As in so many of Bresson’s films, a casual suggestion can often be the final piece in the puzzle that resolves the plot. An offhand remark by the psychotherapist in The Devil Probably shows Charles the right way to commit suicide. The gift of the shroud helps Mouchette realize that there’s no hope over the horizon, that her life will never change. Critics have occasionally remarked that her decision to wrap herself in the shroud, roll herself in the lake, and drown herself seems to come out of nowhere.

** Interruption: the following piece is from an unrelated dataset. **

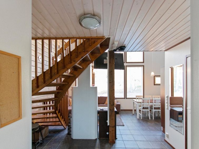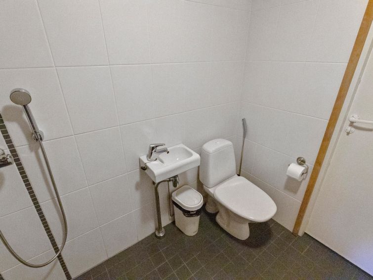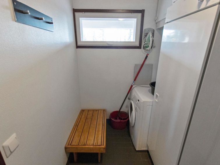 Downstairs: livingroom/kitchen, bedroom with two beds, utility room, washing room, electric sauna, two toilets and heated storage/maintenance room.

They have not sufficiently worked their way into Mouchette’s world, into the combination of poverty and emotional repression make finding the urge to kill yourself seem as natural as finding where you put your car keys after frantically searching for them for 15 minutes. Ah, there’s my keys. Ah, there’s what I should do, end it all, now. It’s been over from the very beginning anyway.
If the world of the 13-year old Mouchette is banal and mean spirited, the world of the 11-year-old Ofelia, the heroine of Guillermo del Toro’s Pan’s Labyrinth, is over the top, baroque horror. Ofelia comes to a small military base in Franco’s fascist Spain to live with Captain Vidal, her soon to be stepfather. Carmen, Ofelia’s mother, is pregnant. She’s also sick, and then, like Mouchette’s mother, dying. It’s easy to see why. Captain Vidal, who’s running a counterinsurgency against a small group of anti-fascist guerillas, is a monster. Actually monster doesn’t quite express the man’s evil. He’s perhaps the best portrait of the pure, distilled nature of fascism I’ve ever seen in any film. He runs his little world as if he were God (or Satan). He kills on a whim. He tortures on a whim. There’s no kindness, no empathy, not even any emotion about Captain Vidal. He’s nothing but a narcissist who worships his household gods, himself. He murders Carmen’s doctor for disobedience, thus insuring that Carmen will die in excruciating pain. Finally, he murders Ofelia for the same reason.
But, unlike Mouchette, Ofelia is unconquered. Like Mouchette, she’s sullen, disobedient, and rebellious. Unlike Mouchette, she has a rich, powerful imagination that conjures up an entirely parallel universe. Ofelia is not just an unhappy little girl. Centuries ago, she was Princess Moanna, future queen of the underworld. Ofelia’s inner life includes monsters, secret passageways, fairies, magic chalk that opens doors where there are no doors, tests to prove her heroism, and, finally, the rebirth of her mother and her real, biological father. She’s made it clear through the whole film that Vidal is no father of hers. Robert Bresson and Guillermo del Toro may seem like opposites. They are, mirror images. If Mouchette is an expression of how reality can conquer the soul, Pan’s Labyrinth is an expression of how the soul can conquer reality. Ofelia not only sees the world of hope over the horizon. She’s already there.